Establish the development environment inside an isolated Docker container to avoid polluting the host machine. - Base Environment: A Dockerfile based on the official postgres:18 image (Latest Stable). - System Dependencies: build-essential, postgresql-server-dev-18, libprotobuf-c-dev, protobuf-c-compiler.

Phase 1: Varlena Infrastructure & Field-Tag Extraction

Establish the custom type and the C build environment. - Files Requirements: pgproto.control, Makefile (PGXS), pgproto--1.0.sql, pgproto.c. - Internal Custom Type: protobuf tracking a Varlena structure (vl_len_ and vl_dat). - I/O Handlers: protobuf_in and protobuf_out using Hex encoding. - Target Functions: pb_get_int32(protobuf, tag_number).
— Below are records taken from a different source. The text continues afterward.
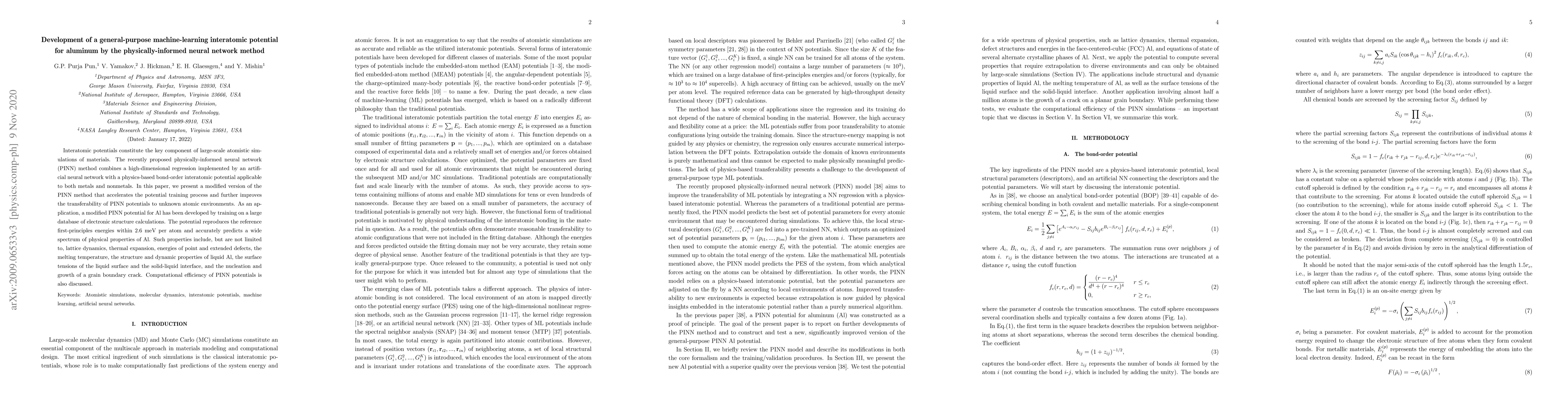 Abstract Interatomic potentials constitute the key component of large-scale atomistic simulations of materials. The recently proposed physically-informed neural network (PINN) method combines a high-dimensional regression implemented by an artificial neural network with a physics-based bond-order interatomic potential applicable to both metals and nonmetals. In this paper, we present a modified version of the PINN method that accelerates the potential training process and further improves the transferability of PINN potentials to unknown atomic environments. As an application, a modified PINN potential for Al has been developed by training on a large database of electronic structure calculations. The potential reproduces the reference first-principles energies within 2.6 meV per atom and accurately predicts a wide spectrum of physical properties of Al. Such properties include, but are not limited to, lattice dynamics, thermal expansion, energies of point and extended defects, the melting temperature, the structure and dynamic properties of liquid Al, the surface tensions of the liquid surface and the solid-liquid interface, and the nucleation and growth of a grain boundary crack. Computational efficiency of PINN potentials is also discussed.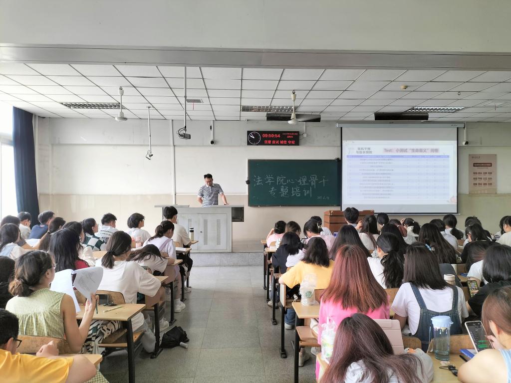 (通讯员 张梓萱)为更好推进大学生心理健康教育工作,提高学生骨干解决心理健康问题和服务同学的能力,jdb电子中国官方网站于6月15日在12教202教室开展学生心理骨干培训。本次培训会由jdb电子中国官方网站辅导员雷礼主讲,jdb电子中国官方网站本科生及研究生各班骨干参与。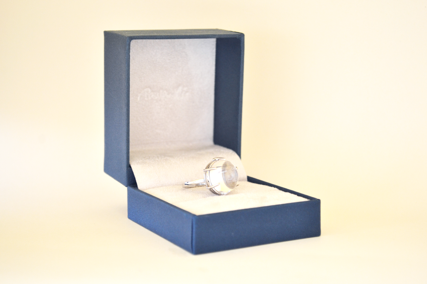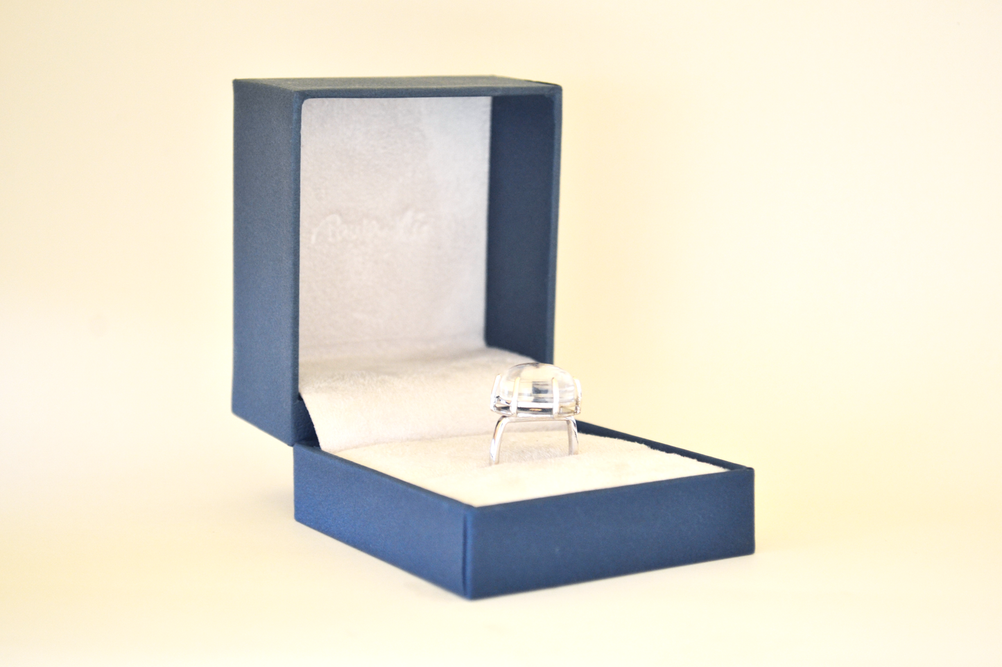 - A ideia deste anel surgiu da observação de um cabochão de quartzo cristal. “Cabochão” é como chamamos a lapidação como a do quartzo que vai nesta peça: côncava em cima e reta embaixo. Ao perceber que o cabochão de um límpido quartzo cristal funciona como uma lupa, busquei construir uma estrutura que permitisse, através de um jogo óptico, ampliar o elemento de destaque dessa peça: uma linda turmalina rosa que, a depender do ângulo do observador, se “esconde” embaixo do quartzo ou ganha mais destaque.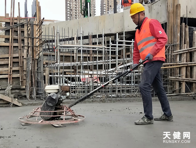 施工人员使用地面磨光机对水泥地面进行磨光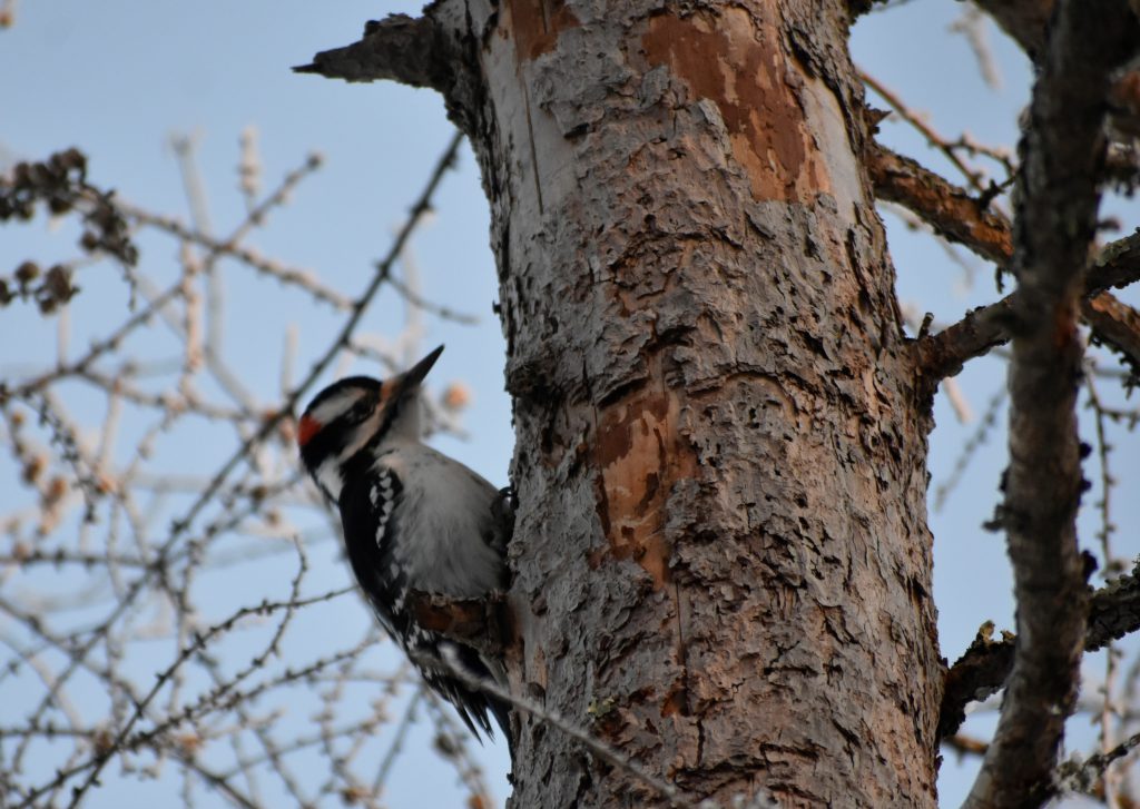 Next we tried Warren Woessner Bog Boardwalk, which is 900 feet long and lined with feeders. There, we didn’t find a lot, since it was getting dark, but we did see some chickadees, a Red-breasted Nuthatch, a Downy Woodpecker, a Brown Creeper, and a Common Raven flying overhead. After that, we headed home, since before long it would be too dark even for owls!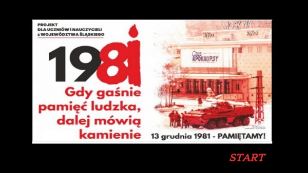 PROJEKT SKIEROWANY JEST DO UCZNIÓW I NAUCZYCIELI SZKÓŁ PODSTAWOWYCH I PONADPODSTAWOWYCH WOJEWÓDZTWA ŚLĄSKIEGO. JEGO GŁÓWNYM CELEM JEST PRZYGOTOWANIE DZIECI I MŁODZIEŻY DO ŚWIADOMEGO PRZEŻYWANIA 40 ROCZNICY WPROWADZENIA W POLSCE STANU WOJENNEGO.

Phase 2: Schema Registry & Dynamic Reflection

Transition from hardcoded tag numbers to named query paths. - Schema Table: pb_schemas storing FileDescriptorSet binary blobs. - Caching Architecture: Cache parsed descriptors in a session-wide hash table (TopMemoryContext) to prevent parsing on every row fetch. - Target Functions: pb_get_string(protobuf, 'schema_name.MessageName', 'field.subfield').

Phase 3: Optimizations & Lazy Parsing

Improve performance of reading large protobuf messages. - Core Logic: Instead of full deserialization, skip byte-streams of unrelated tags. Use protobuf-c pointer skipping or raw wire format tag jumps.

Phase 4: Query Polish (TOAST, Operators)

Bridge developer ergonomics. - TOAST Support: Mark storage as extended so Postgres automatically compresses large protobuf messages out-of-line. - Operators: Shorthand syntaxes like protobuf -> 'field' and protobuf #> '{path,to_field}'.

Phase 5: Purge JSONB (Strict Native Purity)

The final objective of zero JSONB reliance. - Removals: Strip any pb_to_jsonb utilities or internal jsonb conversion pathways used as bridges. - Custom Indexing: Implement direct indexing using custom C operator classes rather than relying on JSONB indices.


💻 API Draft (Initial)

Custom Types

  • protobuf: The custom type for storing serialized bytes.

Functions

  • pb_to_jsonb(protobuf, text schema_name) returns jsonb
  • pb_get_string(protobuf, text schema_name, text path) returns text
  • pb_get_int(protobuf, text schema_name, text path) returns int4

Operators

  • protobuf -> path (Shorthand for extraction).